Чем больше я размышляю над тем, что он сказал, тем сильнее меня это бесит. Они с Джоном продолжают говорить о нашем доме, о деревне, об имуществе, об их стоимости, и я вдруг начинаю думать, что они, наверное, не догадываются, что я говорю по-английски. Они, по-видимому, с Востока, где люди знают об индейцах только из фильмов. Представляю, как им будет стыдно, когда они узнают, что я понимаю, о чем они говорят.

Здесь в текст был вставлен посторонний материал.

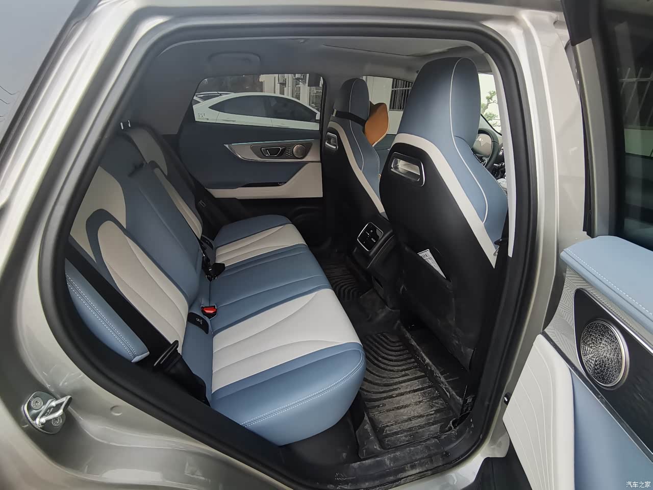 后排空间做两个人很舒服,做三个人还是差点意思。后排平的没有隆起还不错。

Жду, пока они еще поговорят о жаре и о доме, потом встаю и, стараясь использовать все свои школьные знания, говорю толстому, что наш обложенный дерном дом гораздо прохладней, чем любой дом в городе, намного прохладней! «Я знаю точно, в нем прохладней, чем в школе, в которую я хожу, и даже чем в кинотеатре в Даллзе, на котором буквами-сосульками написано: „Здесь прохладно!“.»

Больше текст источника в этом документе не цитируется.